Concepts are connected by relationships drawn from Pask's Conversation Theory. Start here if you're new.
Why these terms? The relationships between concepts use vocabulary from
Gordon Pask's Conversation Theory. Pask — who studied under Ashby — developed the idea of
entailment meshes: networks showing how concepts necessarily lead to other concepts.
We use his terminology so the same vocabulary works across all thinkers on this platform.
Read each relationship as a sentence: "Concept A [RELATIONSHIP] Concept B"
ENTAILS Logical Implication
If A is true, then B necessarily follows. You cannot have A without B.
A → ENTAILS → B = "If A, then necessarily B"
Distinction ENTAILS Indication — If you draw a distinction, you necessarily create an indication. The two acts are inseparable.
DERIVES_FROM Prerequisite / Dependency
To understand A, you must first understand B. B is a prerequisite for A.
A → DERIVES_FROM → B = "To understand A, you need B first"
Primary Algebra DERIVES_FROM Primary Arithmetic — To understand the algebra with variables, you must first understand the arithmetic of constants.
GENERALIZES Abstracts / Extends
A is a more abstract, general, or developed form of B. A takes B to a higher level.
A → GENERALIZES → B = "A is a more abstract form of B"
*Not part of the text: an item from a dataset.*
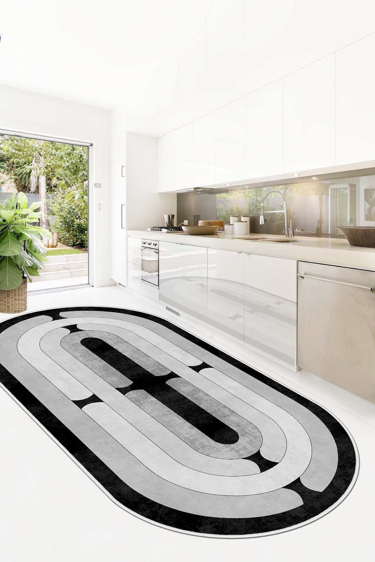 West Home Dijital Baskılı Yıkanabilir Kaymaz Taban Salon, Mutfak ve Yolluk Halısı-577 Grey

Calculus of Indications GENERALIZES Primary Arithmetic — The complete calculus encompasses both the arithmetic (constants) and the algebra (variables).
PARTICULARIZES Instance / Specific Case
A is a concrete example or specific instance of B. A makes B tangible.
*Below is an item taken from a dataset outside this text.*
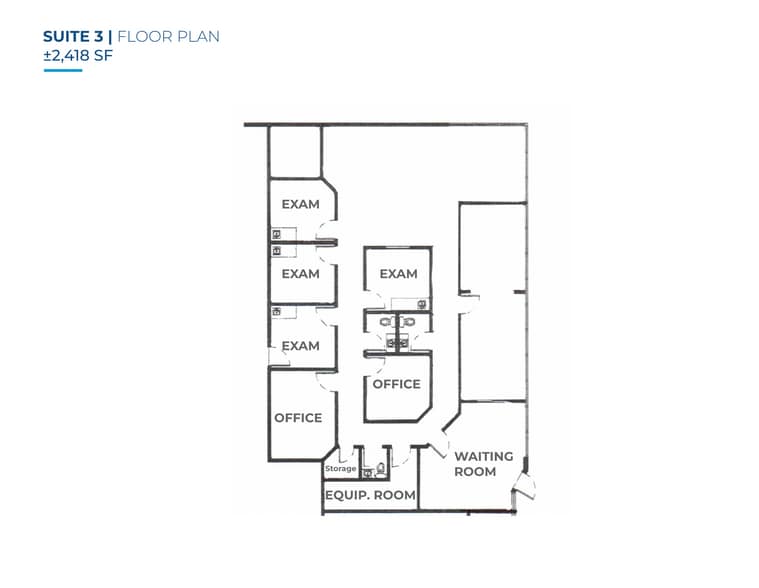 | 1st Floor, Ste Suite 3 | 2,418 SF | Negotiable | Upon Request Upon Request Upon Request Upon Request | Medical | - | Now |

A → PARTICULARIZES → B = "A is a specific instance of B"
Oscillation PARTICULARIZES Imaginary Value — Oscillation is one specific manifestation of the imaginary values that arise from self-reference.
CONSTRAINS Limits / Bounds
A places limits on B. A defines the boundaries within which B operates.
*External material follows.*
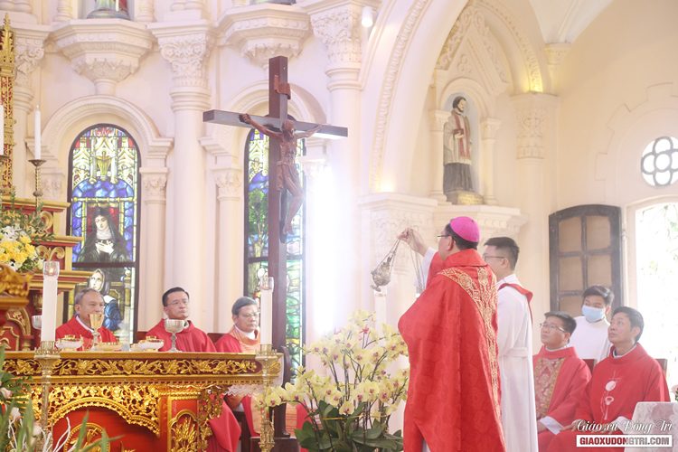 Trong phần chia sẻ Lời Chúa, mở đầu bài giảng, Đức TGM Giuse giải thích cho cộng đoàn ý nghĩa của mùa Chay. Đây chính là mùa để chúng ta suy ngắm sự thương khó của Chúa Giêsu để rồi chúng ta cử hành một cách sốt sáng, có ý thức và có ý nghĩa cử hành lễ nghi Tuần Thánh và mừng lễ Phục Sinh. Ngài cũng nhấn mạnh về sự hiến trọn cuộc đời mình cho công cuộc rao giảng Tin Mừng Chúa Kitô tại Việt Nam của Thánh Théophane Vénard (Ven) qua mầu nhiệm Thập Giá: “Thập Giá là một dụng cụ trong thời xa xưa quá khứ để hành hình và thi hành án tử cho những người bị kết án tử hình. Nhưng kể từ ngày Chúa Giêsu chịu treo trên Thập Giá thì Thập Giá đã trở nên một ý nghĩa của biểu tượng đức tin đối với người Kitô giáo. Thập giá đã trở nên dấu chỉ của tình yêu thương, dấu chỉ của lòng bao dung và Thập Giá cũng là dấu chỉ của lòng nhân hậu và giàu lòng thương xót của Thiên Chúa… Noi gương Chúa Giêsu, Cha Thánh Théophane Vénard (Ven) đã rao giảng Thập Giá, đã sống mầu nhiệm Thập Giá và Thánh nhân đã trung thành với lý tưởng Kitô giáo, đã trung thành với cây Thập Giá bởi vì cây Thập Giá diễn tả lòng nhân hậu của Chúa, cây Thập Giá diễn tả tình yêu thương của Người và cây Thập Giá diễn tả tình yêu của Chúa dành cho con người”. Mừng kính sinh nhật nước trời của Cha Thánh Ven, Đức TGM Giuse mời gọi mọi người cầu nguyện để nhận ra đâu là Thập Giá trong đời sống của mình, và xin Thánh Théophane Vénard cầu bầu cùng Chúa cho chúng ta biết noi gương theo Người, đón nhận Thập Giá và trung thành với mầu nhiệm Thập Giá.

A → CONSTRAINS → B = "A limits what B can achieve"
Depth CONSTRAINS Simplification — The nesting level governs how simplification proceeds and how many steps are required.
ENABLES Makes Possible
A creates the conditions for B to exist. Without A, B wouldn't be possible.
A → ENABLES → B = "A makes B possible"
Void ENABLES Distinction — The void is the generative ground from which all distinction emerges.
CONTRASTS Differs From
A and B are different in important ways. Understanding the contrast illuminates both.
A ↔ CONTRASTS ↔ B = "A and B differ in important ways" (bidirectional)
Transparency CONTRASTS Opacity — Transparent spaces transmit oscillation; opaque spaces block it. Both govern how dynamic behaviour propagates.
ANALOGOUS_TO Structural Similarity
A and B share structural or functional similarities, often across different domains.
A ↔ ANALOGOUS_TO ↔ B = "A works like B" (bidirectional)
Law of Calling ANALOGOUS_TO Law of Crossing — Both govern mark combinations but in complementary ways: calling is idempotency at the same depth, crossing is involution across depths.
REQUIRES Necessity
A needs B to function or be meaningful. B is essential to A's existence.
A → REQUIRES → B = "A needs B to function"
Distinction REQUIRES Motive — There can be no distinction without motive, and no motive unless contents differ in value.
EXTENDS Builds Upon
A builds on and broadens B, taking it beyond its original scope.
A → EXTENDS → B = "A builds on and broadens B"
Primary Algebra EXTENDS Primary Arithmetic — The algebra builds on the arithmetic by introducing variables, taking constants to the general case.
ILLUSTRATES Concrete Example
A is a concrete example or illustration of B's principles.
A → ILLUSTRATES → B = "A is a concrete example of B"
Memory (Bistable) ILLUSTRATES Re-entry — The flip-flop circuit is a concrete physical illustration of re-entrant self-referential form.
CORRESPONDS Cross-Thinker Parallel
A and B develop in parallel or have structural correspondence across different thinkers.
A ↔ CORRESPONDS ↔ B = "A parallels B"
Re-entry CORRESPONDS Observer — The first distinction, the mark, and the observer are not only interchangeable but in the form identical.
Tip: Follow DERIVES_FROM chains to find prerequisites. Follow ENTAILS to see what a concept necessarily implies. Follow ENABLES to see what makes each concept possible. Only CONTRASTS, ANALOGOUS_TO, and CORRESPONDS are bidirectional — all others are directional.